[PROVIDED DATA — start]

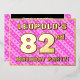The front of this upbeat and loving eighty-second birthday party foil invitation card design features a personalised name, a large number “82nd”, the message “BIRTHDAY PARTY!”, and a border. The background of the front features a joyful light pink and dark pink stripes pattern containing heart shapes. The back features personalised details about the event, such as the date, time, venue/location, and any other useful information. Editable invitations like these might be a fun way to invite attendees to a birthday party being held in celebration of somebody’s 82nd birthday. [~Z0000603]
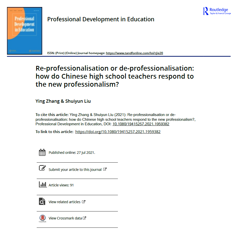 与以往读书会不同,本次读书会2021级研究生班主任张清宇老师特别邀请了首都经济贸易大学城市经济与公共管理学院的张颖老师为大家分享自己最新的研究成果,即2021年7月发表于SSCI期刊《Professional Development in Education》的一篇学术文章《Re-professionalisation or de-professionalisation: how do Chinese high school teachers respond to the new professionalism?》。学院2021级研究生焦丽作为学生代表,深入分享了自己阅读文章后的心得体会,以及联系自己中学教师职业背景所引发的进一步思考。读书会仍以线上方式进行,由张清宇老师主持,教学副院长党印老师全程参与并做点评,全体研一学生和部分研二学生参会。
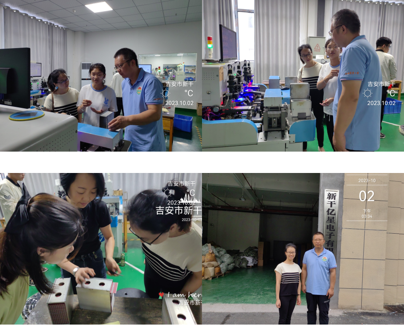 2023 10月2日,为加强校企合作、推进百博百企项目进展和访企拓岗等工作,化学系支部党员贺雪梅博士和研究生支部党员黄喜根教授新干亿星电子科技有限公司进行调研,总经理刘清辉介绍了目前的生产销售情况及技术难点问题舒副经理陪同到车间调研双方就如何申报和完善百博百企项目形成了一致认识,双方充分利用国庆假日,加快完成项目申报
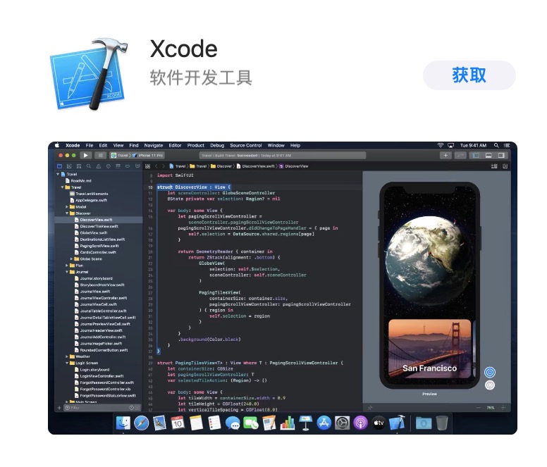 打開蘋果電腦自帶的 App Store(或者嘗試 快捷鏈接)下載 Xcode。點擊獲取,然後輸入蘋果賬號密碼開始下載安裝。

[PROVIDED DATA — finish]

■ **ACTIVITY**:
Quote exactly the lines from the one that contains "Development in Education》的一篇学术文章《Re-professionalisation" through the end of the listing above, both ends included, leaving out the pictures.

■ **RESPONSE TO THE TASK**:
 与以往读书会不同,本次读书会2021级研究生班主任张清宇老师特别邀请了首都经济贸易大学城市经济与公共管理学院的张颖老师为大家分享自己最新的研究成果,即2021年7月发表于SSCI期刊《Professional Development in Education》的一篇学术文章《Re-professionalisation or de-professionalisation: how do Chinese high school teachers respond to the new professionalism?》。学院2021级研究生焦丽作为学生代表,深入分享了自己阅读文章后的心得体会,以及联系自己中学教师职业背景所引发的进一步思考。读书会仍以线上方式进行,由张清宇老师主持,教学副院长党印老师全程参与并做点评,全体研一学生和部分研二学生参会。
 2023 10月2日,为加强校企合作、推进百博百企项目进展和访企拓岗等工作,化学系支部党员贺雪梅博士和研究生支部党员黄喜根教授新干亿星电子科技有限公司进行调研,总经理刘清辉介绍了目前的生产销售情况及技术难点问题舒副经理陪同到车间调研双方就如何申报和完善百博百企项目形成了一致认识,双方充分利用国庆假日,加快完成项目申报
 打開蘋果電腦自帶的 App Store(或者嘗試 快捷鏈接)下載 Xcode。點擊獲取,然後輸入蘋果賬號密碼開始下載安裝。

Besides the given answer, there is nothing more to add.